Instructions for the task
Transcribe the data as written, minus images.

Given information
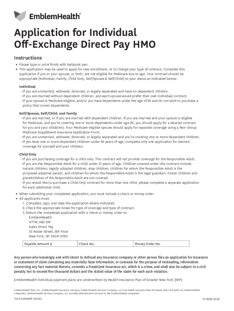 Get the free Application for Individual Off-exchange Direct Pay Hmo
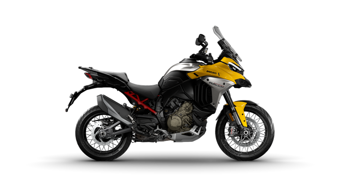 Nová Multistrada V4 Rally je ideálním společníkem na cesty, který vás vezme na cestu do neprobádaných končin s důrazem na pohodlí a všestrannost. 30litrová nádrž, odpružení s dlouhým zdvihem a pokročilá výbava pro vaše další dobrodružství. Ať už jedete sami nebo ve dvojici, Multistrada V4 Rally je připravena na všechno a snadno se přizpůsobí jakémukoli terénu a stylu jízdy. Definice neomezeného cestování.
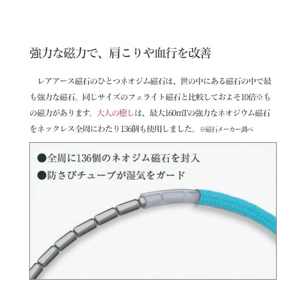 強力なネオジム磁石を136個使用し、1つ1つにカッティングを施しているのでしなやかな装着感。全体にネオジム磁石を入れることでネックレス全体で血行改善効果を発揮します!

Task result
 Get the free Application for Individual Off-exchange Direct Pay Hmo
 Nová Multistrada V4 Rally je ideálním společníkem na cesty, který vás vezme na cestu do neprobádaných končin s důrazem na pohodlí a všestrannost. 30litrová nádrž, odpružení s dlouhým zdvihem a pokročilá výbava pro vaše další dobrodružství. Ať už jedete sami nebo ve dvojici, Multistrada V4 Rally je připravena na všechno a snadno se přizpůsobí jakémukoli terénu a stylu jízdy. Definice neomezeného cestování.
 強力なネオジム磁石を136個使用し、1つ1つにカッティングを施しているのでしなやかな装着感。全体にネオジム磁石を入れることでネックレス全体で血行改善効果を発揮します!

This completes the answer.